Use the method of least squares in order to find the best approximation
to a solution for the system
$$3x + y = 1\\
x − y = 2\\
x + 3y = −1$$
My Try:
$$Ax=B$$
$$\begin{bmatrix} 1 & 1 \\ 1 & -1 \\ 1 & 3 \end{bmatrix}\begin{bmatrix} x \\ y \end{bmatrix}=\begin{bmatrix} 1 \\ 2 \\ -1 \end{bmatrix}$$
First I found $A^TA$ and then $A^TB$
$$A^TA=\begin{bmatrix} 1 & 1 & 1 \\ 1 & -1 & 3 \end{bmatrix}\begin{bmatrix} 1 & 1 \\ 1 & -1 \\ 1 & 3 \end{bmatrix}=\begin{bmatrix} 3 & 3 \\ 3 & 11 \end{bmatrix}$$
and
$$A^TB=\begin{bmatrix} 1 & 1 & 1 \\ 1 & -1 & 3 \end{bmatrix}\begin{bmatrix} 1 \\ 2 \\ -1 \end{bmatrix}=\begin{bmatrix} 2 \\ -4 \end{bmatrix}$$
The I used gaussian elimination for $\begin{bmatrix} 3 & 3 & 2 \\ 3 & 11 & -4 \end{bmatrix}$ and got $x=\dfrac{17}{12},y=-\dfrac{3}{4}$.

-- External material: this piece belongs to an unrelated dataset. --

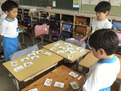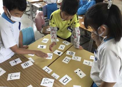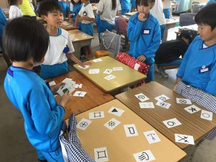 3組の授業の様子です。地図記号の書かれたカードでゲームをしていました。大いに盛り上がっていました。

Is this method of least squares correct?
Best Answer
Yes, the method is correct. It is more common to write it as: $$ x = (A^TA)^{-1}A^TB$$
Your calculations are right, except that you have a typo in the matrix $A$, as pointed out in the comments.